POUR LE RÉCONFORT de Vincent Macaigne

Vincent Macaigne est un réconfort !

J’adore Albert Dupontel. J’ai ri aux larmes il y a des années de cela à l’un de ses spectacles. J’aime son regard décalé, son côté piquant et combatif. Cette rage dont on sent qu’elle bouillonne lorsqu’il répond à des journalistes qui essayent comme trop souvent de l’enfermer dans des clichés. J’ai entendu plusieurs interviews sur « Au revoir là-haut » où il expliquait qu’il avait fait une lecture à la fois sociale et fantastique du Prix Goncourt 2013. D’ailleurs comment échapper au battage médiatique entourant ce film ? De quoi espérer, compte tenu du budget de 20 M €, un spectacle poignant, qui ferait peut-être écho à notre époque, et qui emporterait le spectateur.

Rien, aucune émotion, une succession de scènes décousues avec un double dénouement d’une lourdeur totale.

J’adore Vincent Macaigne. J’ai été bluffé il y a quelques années par sa pièce « Idiot ! » à la MC2. J’aime son regard décalé, son côté piquant et combatif. Cette rage dont on sent qu’elle bouillonne lorsqu’il répond à des journalistes qui essayent comme trop souvent de l’enfermer dans des clichés. Je n’avais pas spécialement entendu parler de son premier long métrage. Ah si j’avais juste entendu dire qu’il l’avait tourné quasiment sans budget et grâce à la bonne volonté de quelques amis comédiens et techniciens.
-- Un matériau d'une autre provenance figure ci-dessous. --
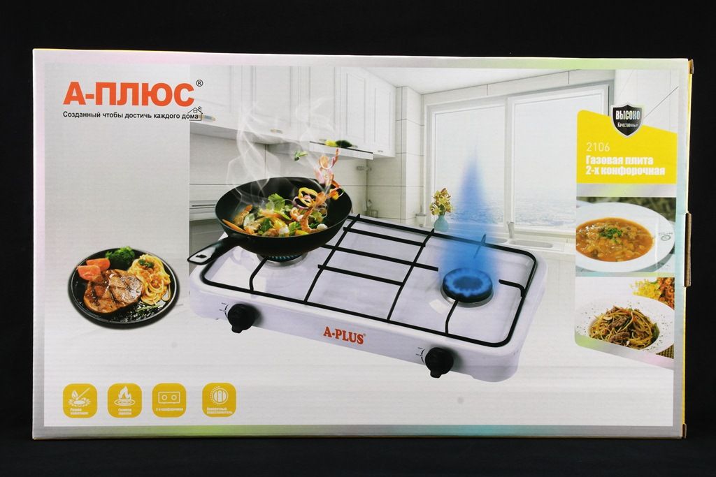 Газовая плита А-Плюс идеальный вариант для приготовления пищи в бытовых условиях. Особенно оценят плиту любители домашней еды. Плита имеет две конфорки и две ручки управления. Так как модель довольно легкая и компактная, вы без труда сможете ее брать с собой на дачу, использовать в летней кухне, в беседке, в квартире и не только. В качестве источника питания выступает газовый баллон сжиженным газом

Une grand claque, une fureur qui parfois transperce l’écran et vous attrape par les tripes, une subtilité dans l’évolution des personnages qui entretient le questionnement, et une fin qui laisse le spectateur en suspension.

Même si le film sort en 2017, il a été tourné il y a quatre ans et résonne de manière étonnante dans notre nouvelle France macronienne, avec une opposition frontale dès les premières minutes entre les nantis un brin condescendants et le besogneux parti de rien, la rage au ventre, face à ses anciens camarades d’école dont il ne supporte plus la nonchalance économique et patrimoniale.
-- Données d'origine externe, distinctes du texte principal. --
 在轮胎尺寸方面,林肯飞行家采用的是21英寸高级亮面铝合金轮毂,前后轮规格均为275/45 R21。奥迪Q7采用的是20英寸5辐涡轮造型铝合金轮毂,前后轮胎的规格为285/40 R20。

Mais l’intelligence de Vincent Macaigne est de ne pas tomber dans un manichéisme caricatural : le développement cynique d’une France couverte de maisons de retraite, « la vieillesse est l’avenir ! », est en fait l’arme de vengeance massive du fils d’ouvrier sur les héritiers, dont il rêve de racheter puis de raser le domaine et les plantations pour étendre son bétonnage morbide. Le désir légitime d’une vie meilleure et l’âpreté au gain d’un côté, la valeur humaine et mémorielle d’un patrimoine et le mépris de classe de l’autre côté. Chacun a ses aspirations lumineuses et ses zones d’ombre. Les sentiments que le spectateur éprouve pour chacun des personnages et de ce qu’ils représentent ondulent au gré des situations, des rencontres, des engueulades – dont une scène en voiture où la haine est à son paroxysme, rendue quasi irrespirable à cause de la promiscuité due à cet habitacle clos. Comme le dira Vincent Macaigne après la séance, il n’a pas voulu prendre position ni fournir au spectateur un point de vue, mais il voulait montrer les frictions, les frottements, souvent rugueux, entre des êtres humains qui se débattent dans une société en mutation.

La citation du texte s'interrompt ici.